"I haven't tested this sample for nitrogen yet, but there's got to be some, because ammonia is NH₃. Obviously, there's a vein of solid nitrogen down under the Hill. As the heat from the pile room penetrated downward, this slowly warmed up. Some of it turned gaseous, generating terrific pressure; and finally that pressure forced the gas up into the pile room.

"Now, when you have a nitrogen-hydrogen mixture at 500 degrees and 600 atmospheres, in the presence of a suitable catalyst, you get about a 45 percent yield of ammonia—"

"You looked that up," said Catherine accusingly.

He chuckled. "My dear girl," he said, "there are two ways to know a thing: you can know it, or you can know where to look it up. I prefer the latter." After a moment: "Naturally, this combination decreases the total volume of gas; so the pump has to pull in more hydrogen from outside to satisfy its barystat, and more nitrogen is welling from below all the time. We've been operating quite an efficient little ammonia factory down there, though it should reach equilibrium as to pressure and yield pretty soon.

"The Haber process catalyst, incidentally, is spongy iron with certain promoters—potassium and aluminum oxides are excellent ones. In other words, it so happened that the Hill is a natural Haber catalyst, which is why we've had this trouble."

"And I suppose the reaction is endothermic and absorbs heat?" asked Catherine.

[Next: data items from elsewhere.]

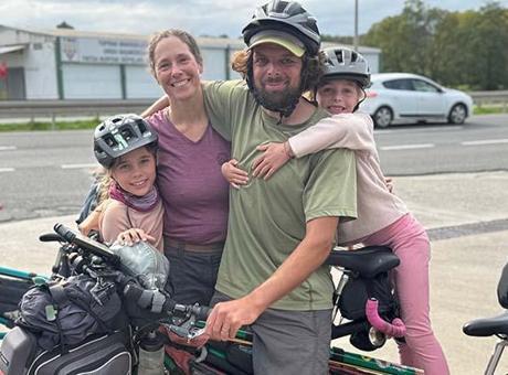 Kanada’da yaşayan metal teknisyeni Benjamin Rembeault, kendisiyle aynı mesleği yapan eşi Vassy Rembeault ve çocukları Morgan (8) ve Milla (7) ile özel olarak tasarladıkları çift pedallı bisikletleriyle dünyayı geziyor.
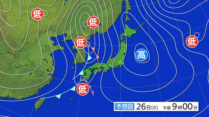 26日午前9時の予想天気図ですが、日本海と九州の南西沖に低気圧があり、東へと進む見込みです。
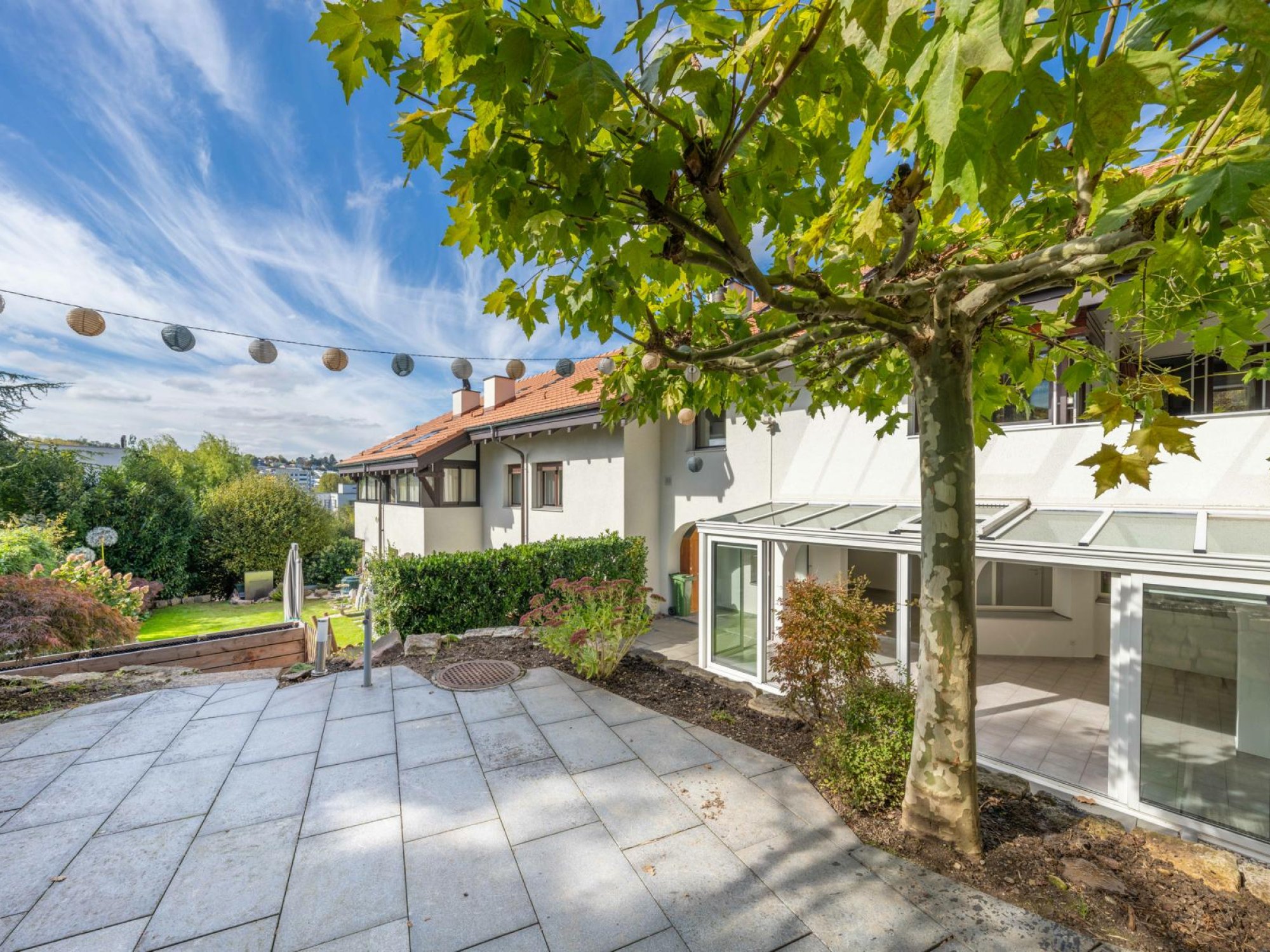 | Extras: | Wintergarten, eigener Gartenanteil (G1), Umluft-Cheminée, 1 Einstellhallenplatz und Fahrradabstellmöglichkeiten in der Einstellhalle. |
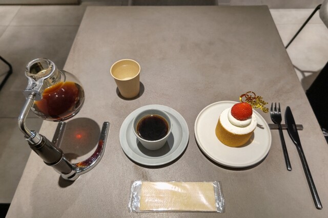今日は、先週Instagramで予約した。シャインマスカットナガノパープルショートケーキ+シャインマスカットショートケーキ。そして、ワンドリンク制なので。定番のサイフォンホットコーヒーをオーダー(笑)!!
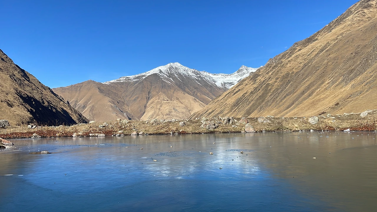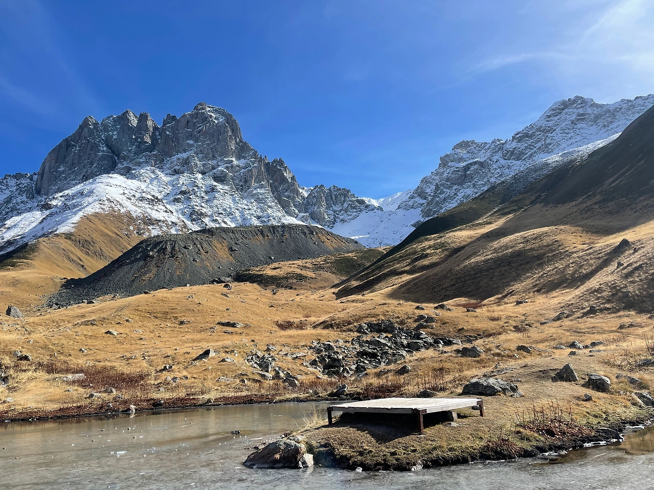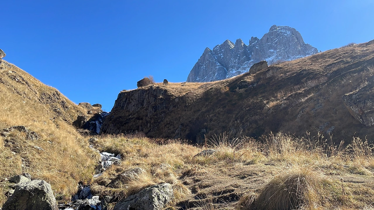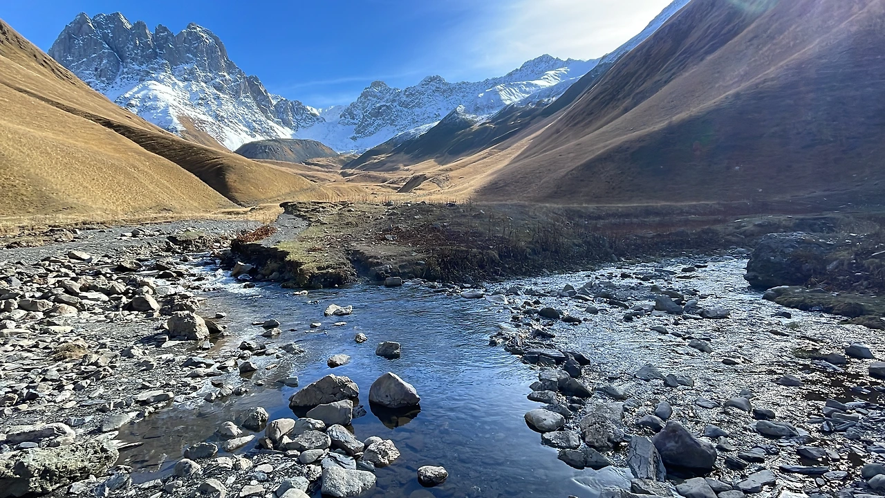 우리는 반영을 볼 수 있는 <Chaukhi Lake> 여기를 가려고 했는데 걷다 보니 그 옆쪽 폭포에 도착.. 설산이 가까워지니까 흐르는 물 따라 얼음들이 많이 얼어있었다.
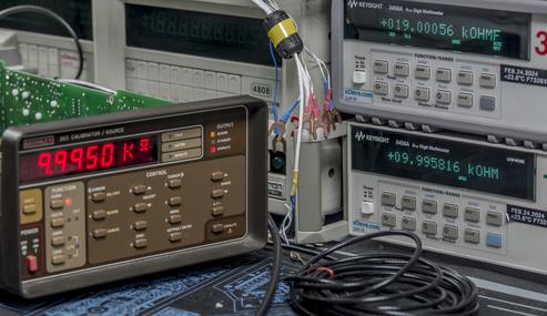 - Source fixed resistances from 1 kΩ to 100 GΩ in decade steps, with temperature compensation for values over 1 GΩ.
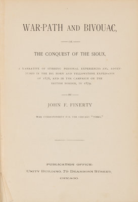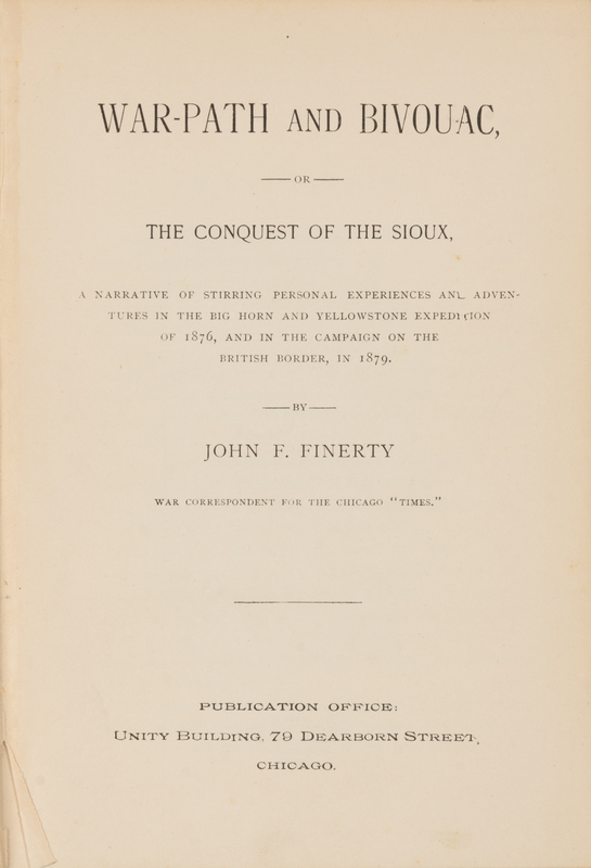 War-path and Bivouac, or, The Conquest of the Sioux. Chicago: [Donohue & Henneberry], 1890.8vo. Folding map, numerous illustrations. Publisher's blue pictorial cloth, edges marbled (lightly rubbed, hinges loose). FIRST EDITION, describing Finerty's experiences during the Big Horn and Yellowstone expedition of 1876, and during other post-Civil War battles, with a folding map depictng Sioux territory.
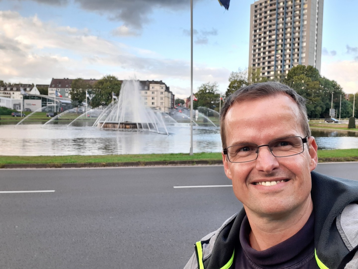 Nach einer unruhigen Nacht klingelte um 5 Uhr mein Wecker. Nun hieß es fertig machen und auschecken. Vom Hotel gab es ein Frühstücksbeutel für mich mit, da es erst ab 7.30 Uhr Frühstück gab. Pünktlich um 6 Uhr stiegen die ersten 16 Gäste am Hauptbahnhof ein. Die Straßen waren noch leer und so kam ich prima nach Köln durch. Wunderschön anzusehen war das Panorma auf Köln mit dem Sonnenaufgang von der Autobahn. Um 8 Uhr stiegen dann noch an der Laxness-Arena die letzten Reisende zu. Nun lagen 415 Kilometer auf der A1 vor mir.
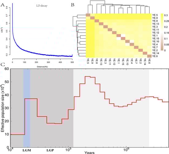The Yan goose (YE, Anser cygnoides) is a valuable indigenous poultry genetic resource, renowned for its superior meat quality and environmental adaptability. Despite its economic importance, the genetic basis underlying these adaptive traits remains unclear. In this study, we employed whole-genome resequencing (WGS) to perform high-throughput sequencing on a conserved population of 15 samples. Bioinformatic analyses were conducted to systematically evaluate the population’s genetic structure, and a genome-wide scan for selection signals related to economically significant traits was performed using the integrated haplotype score (iHS) method. An average of 4.43 million high-quality SNPs were identified, which were predominantly located in intergenic and intronic regions. Population structure analysis revealed a close genetic relationship within the conserved population of YE, with no significant lineage stratification observed. Pairwise sequentially Markovian coalescent (PSMC) analysis indicated that the YE underwent a severe genetic bottleneck during the Last Glacial Maximum (LGM), followed by gradual population recovery in the early Neolithic period. Genome-wide selection signal scanning identified multiple genomic regions under strong selection, annotating key genes associated with growth and development (e.g., GHRL, AKT1, and MAPK3), lipid deposition (e.g., PLPP4, SAMD8, and LPIN1), and disease resistance and stress resilience (e.g., TP53, STAT3). Functional enrichment analysis revealed significant enrichment of these genes in pathways related to glycerophospholipid metabolism (p < 0.01), purine metabolism (p < 0.01), and immune response (p < 0.01). This study not only provides a theoretical foundation for the scientific conservation of the YE germplasm resources but also offers valuable genomic resources for identifying functional genes underlying important economic traits and advancing molecular breeding strategies.

"No ... as a matter of fact, it's exothermic, which is why the pile is actually a little hotter than usual, and that in spite of having to warm up all that outside air. But ammonia does have a considerably higher specific heat than hydrogen. So, while the gas in our pipes has the same caloric content, it has a lower temperature."

"Ummm—" Vesey rubbed his chin. "And the radiation?"

"Nitrogen plus neutrons gives carbon-14, a beta emitter."

"All right," said Catherine. "Now tell us how to repair the situation."